Data items

[Start of Attachment]

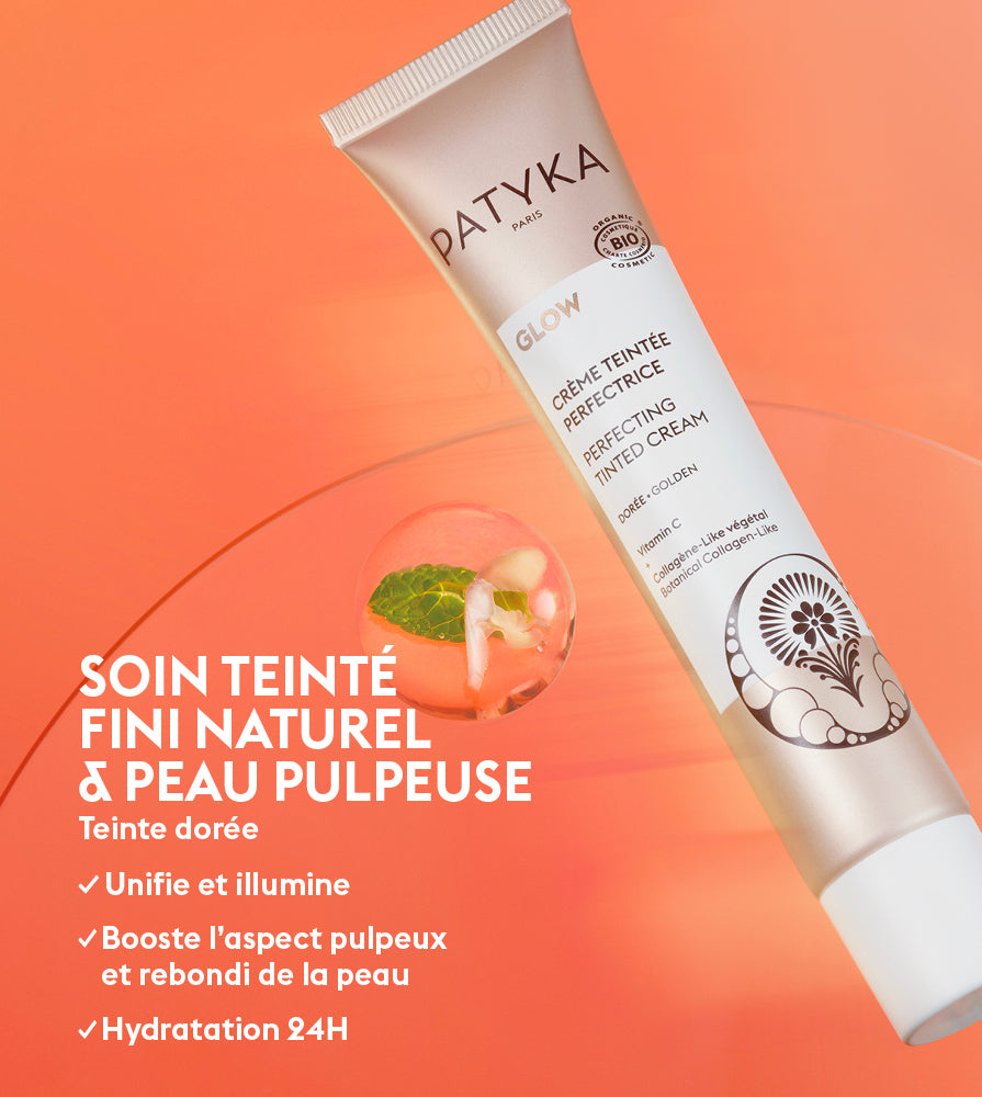 Parce que le stress (émotionnel et oxydatif) impacte la qualité et l’éclat de la peau (qui devient terne, grise et plus rugueuse) PATYKA créée GLOW : une collection de soins hybrides à la double action soin/couleur et peau/cerveau qui restaurent sa beauté naturelle, parmi lesquels la Crème Teintée Perfectrice.
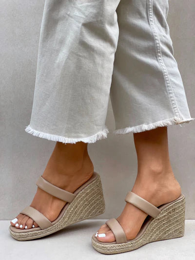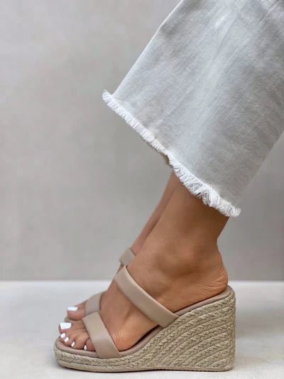 Descripcion Sandalias de cuña en tono capuchino, con un diseño fresco y elegante perfecto para la temporada de calor. Cuentan... Leer más...
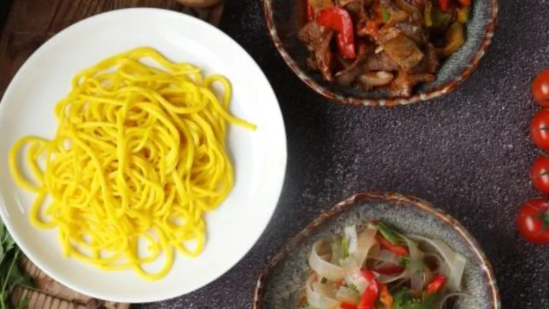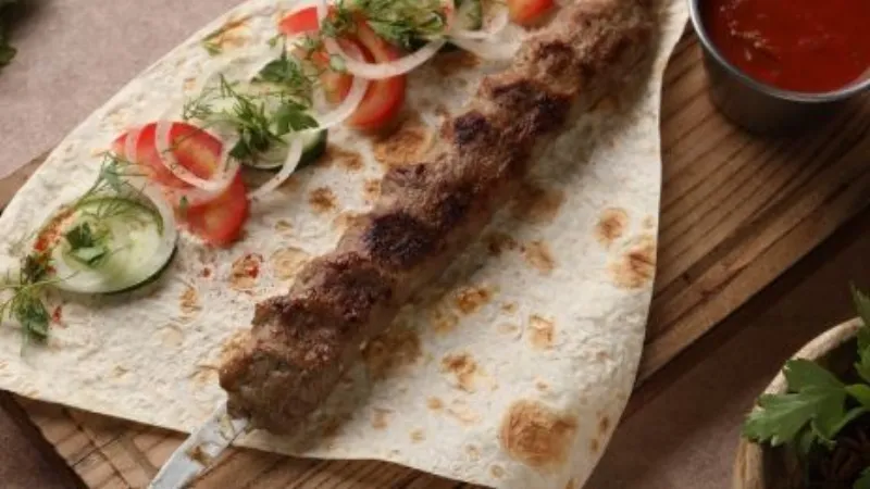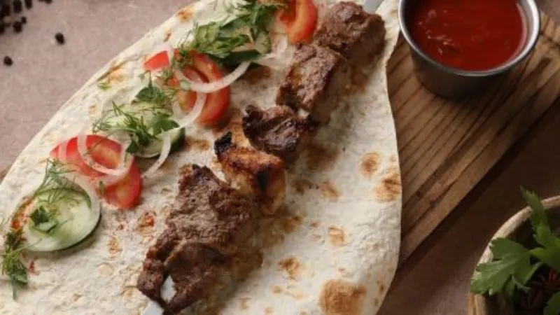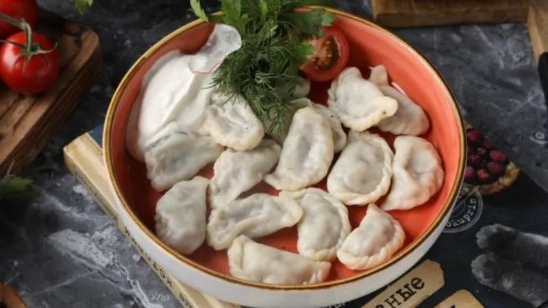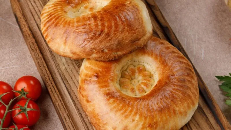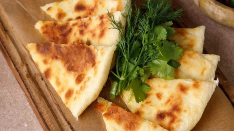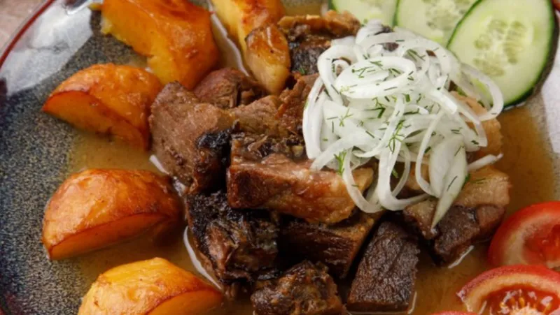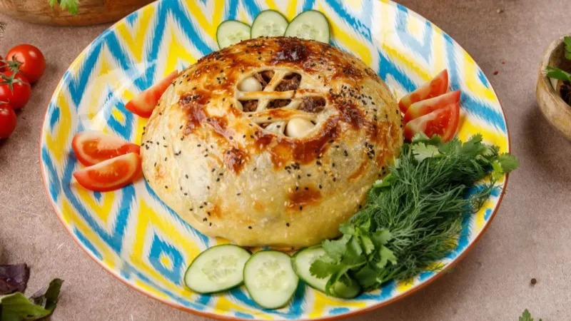 Тесто, казы, жая, марковь, лук, зел лук, подастся с шурпой и жидким куртом
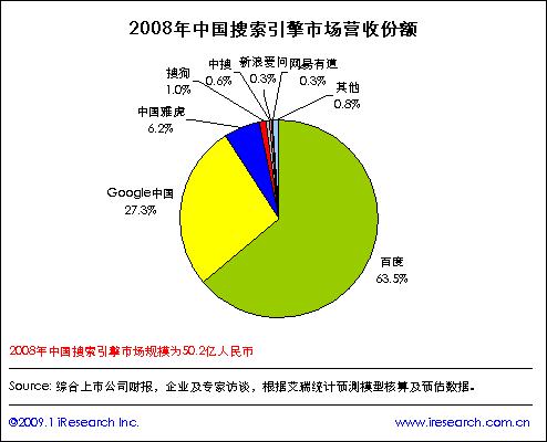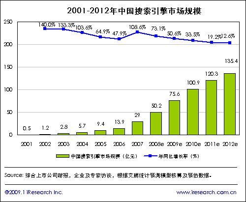 2008年搜索市場(chǎng)規(guī)模達(dá)50.2億元,年增長(zhǎng)73.1%,未來(lái)發(fā)展趨穩(wěn)定
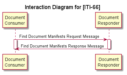 The Find Document Manifests [ITI-66] transaction is used to find DocumentManifest Resources that satisfy a set of parameters. It is equivalent to the FindSubmissionSets query in the Registry Stored Query [ITI-18] transaction, as documented in ITI TF-2a: 3.18.4.1.2.3.7.1. The result of the query is a Bundle containing DocumentManifest Resources that match the query parameters.
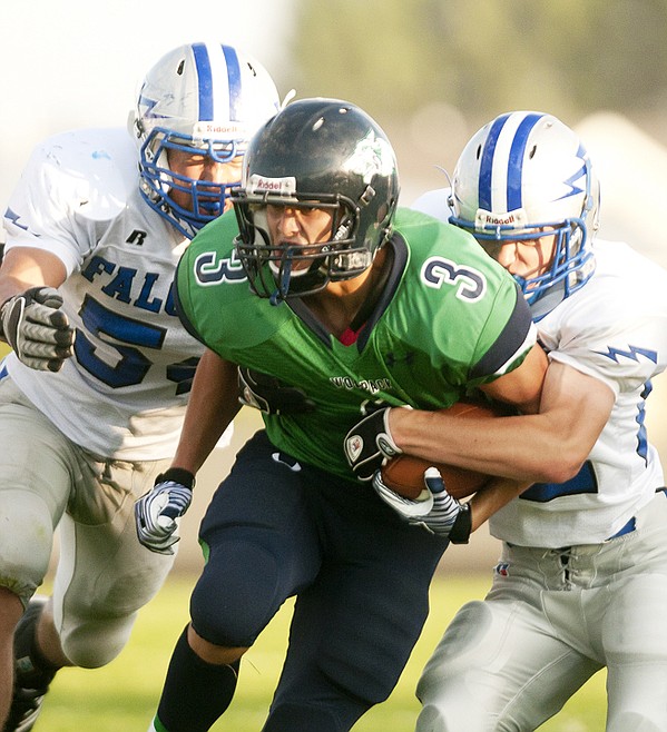 Glacier running back Kyle Griffith (3) breaks a tackle by a Billings Skyview defender on a run Friday night at Legends Stadium.
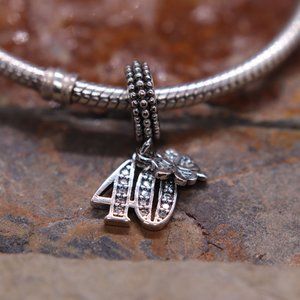 Happy 40th Birthday Dangle Bracelet Charm S925 Sterling Silver Fits Pandora
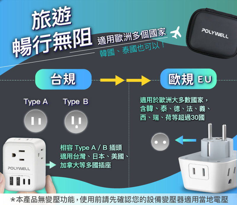 註1:多國轉接插座獨立使用時「無變壓功能」,使用前請注意「電器原電壓規格」是否與當地電壓相同。如不相同,請勿插入設備使用!若因此造成設備損壞,此為人為使用疏失,非產品保固或保障範圍。
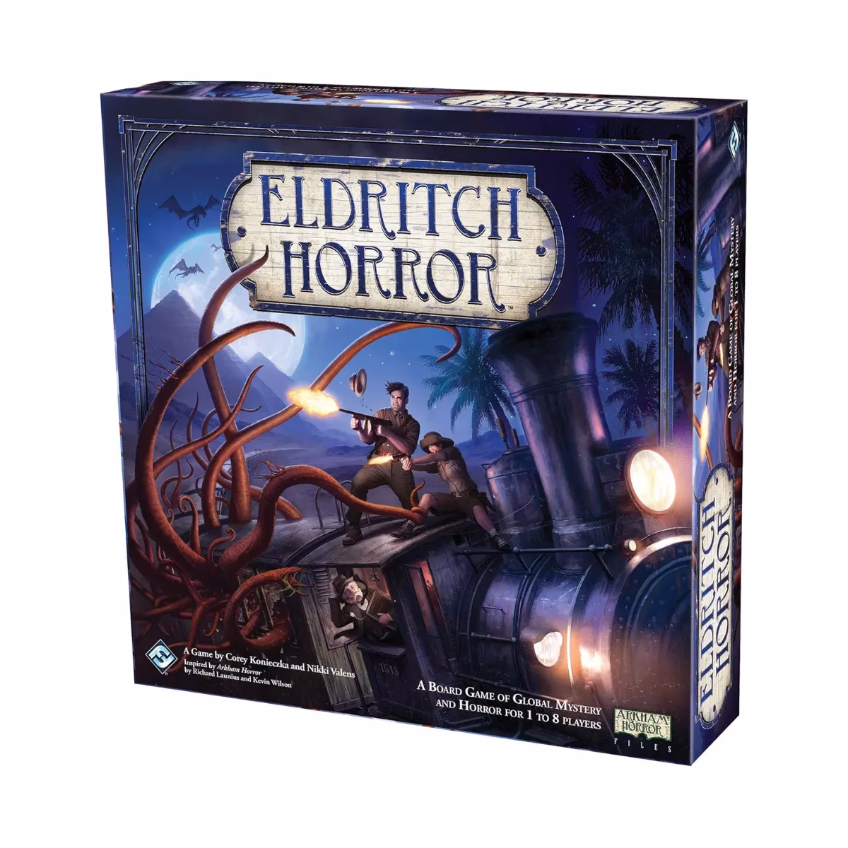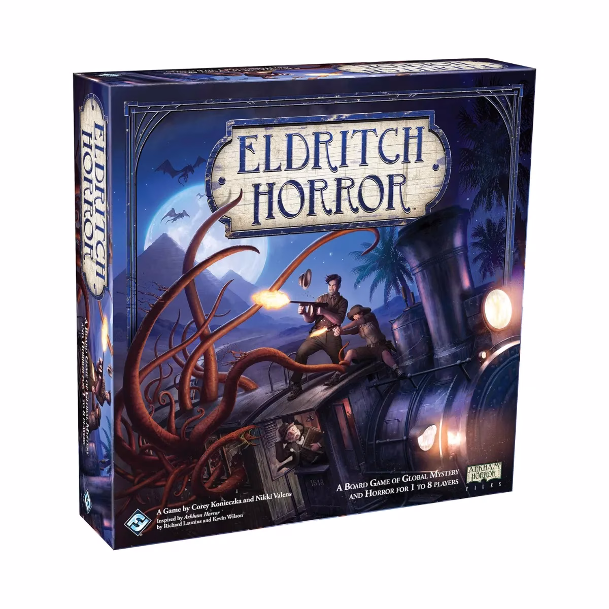 In Eldritch Horror, an ancient evil threatens humanity, and only a brave team of investigators can stop it. Set in the chilling world of the Cthulhu Mythos, this epic co-op game challenges 1–8 players to travel the globe, confront terrifying monsters, and unravel sinister mysteries before the Ancient One awakens and plunges the world into chaos.
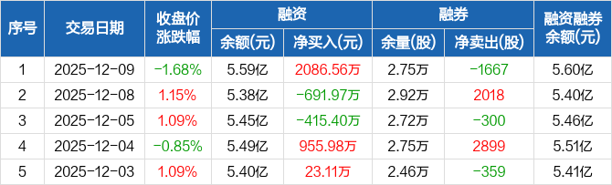 固德威:融资净买入2086.56万元,融资余额5.59亿元(12-09)
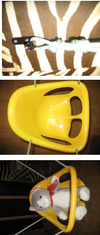 в ней можно кормить- пластик легко моется и малышу не скучно
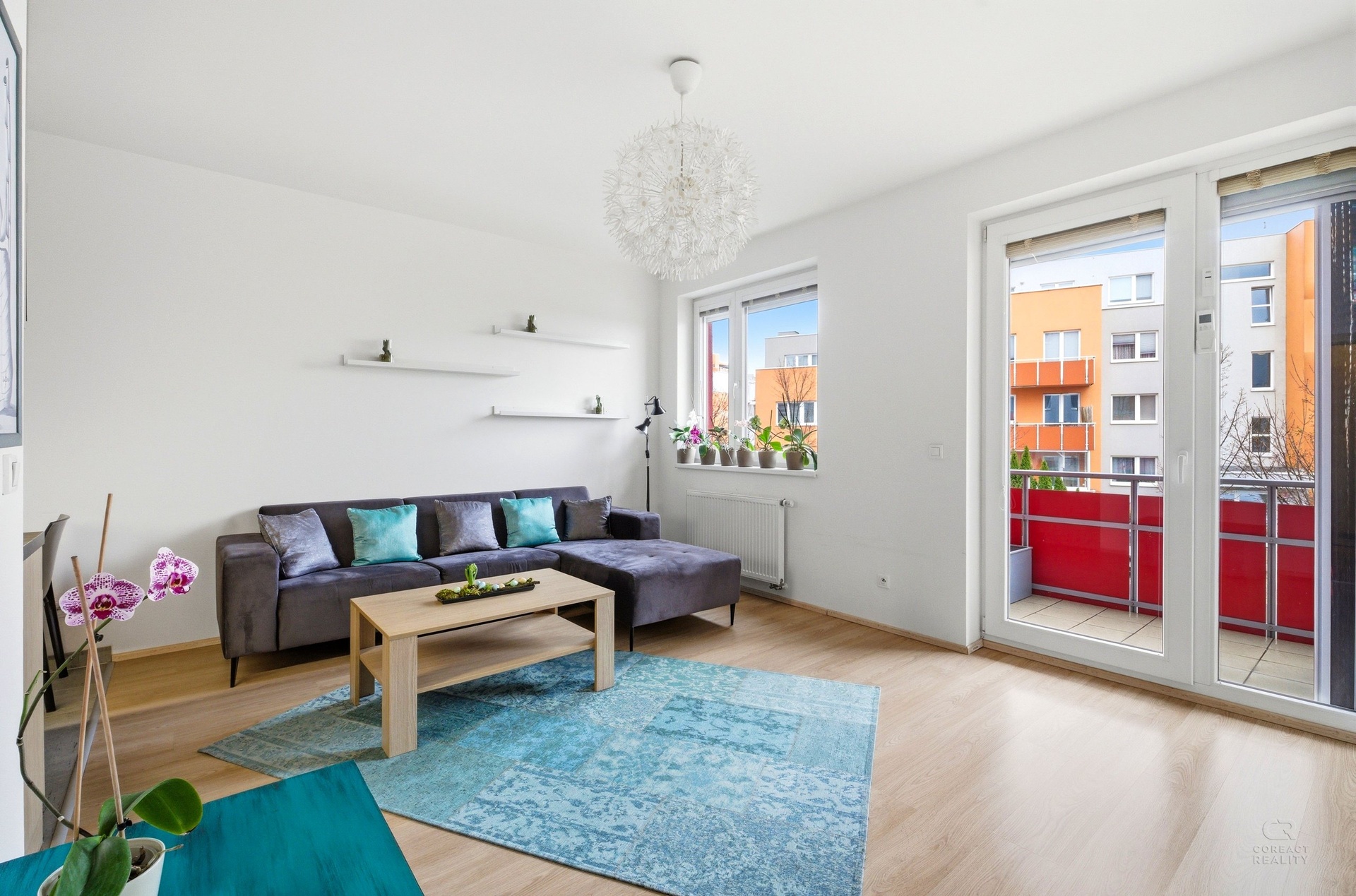 Díky dobré orientaci je byt příjemně prosvětlený po celý den. Kuchyňský kout je vybaven základními spotřebiči a poskytuje dostatek prostoru pro vaření i stolování. Obývací část navazuje na kuchyni a tvoří příjemné centrum bytu. Ložnice jsou
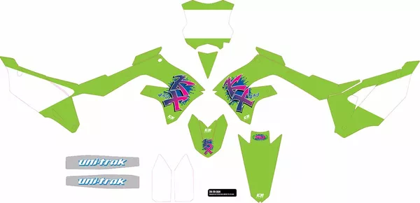 - Incluye adhesivos para cubre-radiadores, depósito, panel portanúmero, caja filtro de aire, protectores inferiores de horquillas, guardabarros delantero, guardabarros trasero y basculante
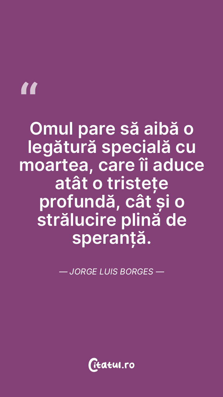 Omul pare să aibă o legătură specială cu moartea, care îi aduce atât o tristețe profundă, cât și o strălucire plină de speranță. Jorge Luis Borges

[End of Attachment]

To do
Repeat verbatim the lines between the start of the data and the line containing "Díky dobré orientaci", both ends included, omitting all pictures.

Answer to the problem
 Parce que le stress (émotionnel et oxydatif) impacte la qualité et l’éclat de la peau (qui devient terne, grise et plus rugueuse) PATYKA créée GLOW : une collection de soins hybrides à la double action soin/couleur et peau/cerveau qui restaurent sa beauté naturelle, parmi lesquels la Crème Teintée Perfectrice.
 Descripcion Sandalias de cuña en tono capuchino, con un diseño fresco y elegante perfecto para la temporada de calor. Cuentan... Leer más...
 Тесто, казы, жая, марковь, лук, зел лук, подастся с шурпой и жидким куртом
 2008年搜索市場(chǎng)規(guī)模達(dá)50.2億元,年增長(zhǎng)73.1%,未來(lái)發(fā)展趨穩(wěn)定
 The Find Document Manifests [ITI-66] transaction is used to find DocumentManifest Resources that satisfy a set of parameters. It is equivalent to the FindSubmissionSets query in the Registry Stored Query [ITI-18] transaction, as documented in ITI TF-2a: 3.18.4.1.2.3.7.1. The result of the query is a Bundle containing DocumentManifest Resources that match the query parameters.
 Glacier running back Kyle Griffith (3) breaks a tackle by a Billings Skyview defender on a run Friday night at Legends Stadium.
 Happy 40th Birthday Dangle Bracelet Charm S925 Sterling Silver Fits Pandora
 註1:多國轉接插座獨立使用時「無變壓功能」,使用前請注意「電器原電壓規格」是否與當地電壓相同。如不相同,請勿插入設備使用!若因此造成設備損壞,此為人為使用疏失,非產品保固或保障範圍。
 In Eldritch Horror, an ancient evil threatens humanity, and only a brave team of investigators can stop it. Set in the chilling world of the Cthulhu Mythos, this epic co-op game challenges 1–8 players to travel the globe, confront terrifying monsters, and unravel sinister mysteries before the Ancient One awakens and plunges the world into chaos.
 固德威:融资净买入2086.56万元,融资余额5.59亿元(12-09)
 в ней можно кормить- пластик легко моется и малышу не скучно
 Díky dobré orientaci je byt příjemně prosvětlený po celý den. Kuchyňský kout je vybaven základními spotřebiči a poskytuje dostatek prostoru pro vaření i stolování. Obývací část navazuje na kuchyni a tvoří příjemné centrum bytu. Ložnice jsou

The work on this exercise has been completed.